Jamaica Kincaid is facing the camera leaning left. Kincaid's hair is parted on the left side. The photo is from the mid-chest. Kincaid is wearing large tortoise shell glasses and a black and white vertically striped shirt.
Public Domain.

Jamaica Kincaid

In 1985, Jamaica Kincaid received the Guggenheim Foundation Fellowship for fiction.

Born: May 25, 1949

Departed: Present

Biography

Early Life

In 1985, Jamaica Kincaid received the Guggenheim Foundation Fellowship for fiction. 

Through her unique writing, Jamaica Kincaid explores themes of colonialism and relationships.

The former Elaine Potter Richardson was born on May 25, 1949, on the island of Antigua. 

Because her mother loved to read, they spent a great deal of time in the library. 

By age three and a half, Elaine was reading on her own. She developed a deep love of reading. At that point, her mother enrolled Elaine in the local school. 

As a child, she saw her mother talking to herself while completing house chores. Elaine mimicked the practice and it became a part of her writing process. 

The family was poor. When her mom gave birth to the first of three younger brothers, things became more difficult for nine-year-old Elaine. 

In 1965, when she was around age sixteen, Richardson left Antigua to work in New York as an au-pair. 

Richardson continued this work for three years. She went to night school while she worked. She earned her GED and studied photography. 

In 1970, Richardson left New York and went to college in New Hampshire. For assorted reasons, she dropped out after only a year and returned to New York.

Writing Career

Back in New York, Richardson wrote poetry and articles for The Village Voice and Ingenue magazine. She also changed her name to Jamaica Kincaid. 
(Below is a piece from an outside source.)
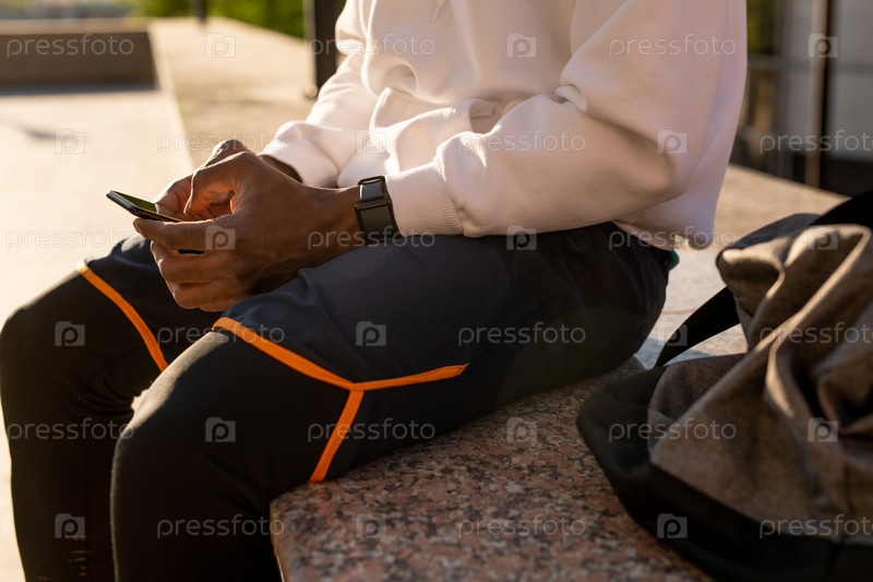 Руки молодого африканского мужчины со смартфоном, просматривающего онлайн-новости

A turning point in Kincaid’s writing career occurred when New Yorker editor William Shawn published notes she wrote about the annual West Indian Day parade in Brooklyn. 
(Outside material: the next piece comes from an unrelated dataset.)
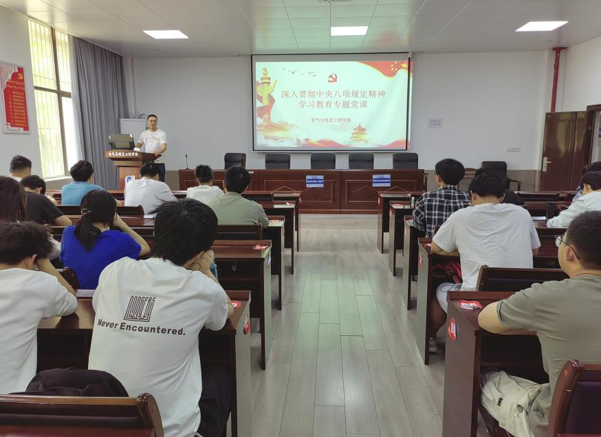 学生测控党支部联合学生电气工程党支部在秀山校区电气楼113教室开展深入贯彻中央八项规定精神学习教育专题党课。党课由学生测控党支部书记杨恒基主讲,支部全体党员和本学期发展对象参加。

Kincaid was learning to write fiction and felt “in the dark” about her writing career. She was surprised because she did not expect Shawn to publish her notes without any changes. 
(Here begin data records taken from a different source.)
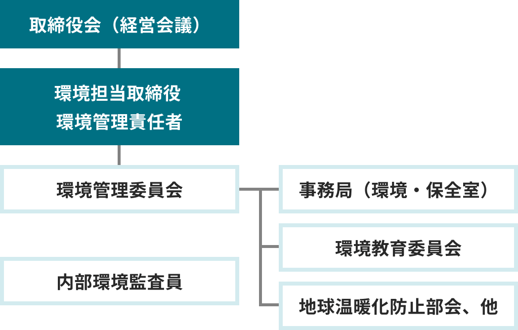 当社は、環境保全活動を経営の重点課題のひとつとして捉え、下図の体制で環境マネジメントを推進しています。環境保全活動に関する審議決定機関としては「環境管理委員会」を設置し、環境担当取締役(環境管理責任者)が統括しています。また、「環境管理委員会」の下には、1つの委員会と5つの環境保全活動を推進する部会を設置し、具体的な環境活動を推進しています。
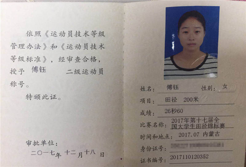 傅钰,16直升机班,曾获2017年第十七届全国大学生田径锦标赛女子200米第一名、女子100米第二名、女子4×100米接力第一名、女子4×400米接力第一名;2017年浙江省大学生田径比赛女子100米第三名、女子200米第三名、女子4×100米接力第一名、女子4×400米接力第一名;2017年浙江省大学生田径精英赛女子100米第二名、女子200米第二名、女子4×100米接力第一名、女子4×400米接力第一名。
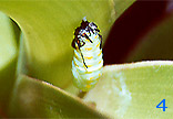 | 1. Raupe des Kleinen Monarch-Schmetterlings |

Kincaid calls that incident “a crucial thing in my writing life…it taught me about what my voice was.” 

Writing Awards

Since the publication of those notes, Kincaid authored numerous short stories and more than 20 award-winning fiction and non-fiction books. In addition, she has received many awards. 

Kincaid’s honors include the Guggenheim Fellowship for Creative Arts, the Lannan Literary Award for Fiction, and the American Book Award. 

In 2024, she will receive the 56th St. Louis Literary Award. Kincaid has honorary degrees from eleven colleges and universities. 

Currently, she is a Professor of African and African American Studies and English at Harvard University.

Activism Through Experience

Kincaid was born in Antigua while it was still under British rule. Her writings speak to her life experiences. 

She had a strained relationship with her mother, and her books explore relationships between mothers and daughters. 

Eventually, Kincaid recognized similarities in the dynamic between some mothers and daughters and the relationships between the powerful and the powerless. 

One interviewer asked Kincaid if her writing was a form of political activism. She explained, “When I write, I am thinking things that you would consider political, … but I think just to get out of bed and breathe is a form of political activity.”  

While she writes of political subjects, Kincaid says, for her, writing is “an act of survival.”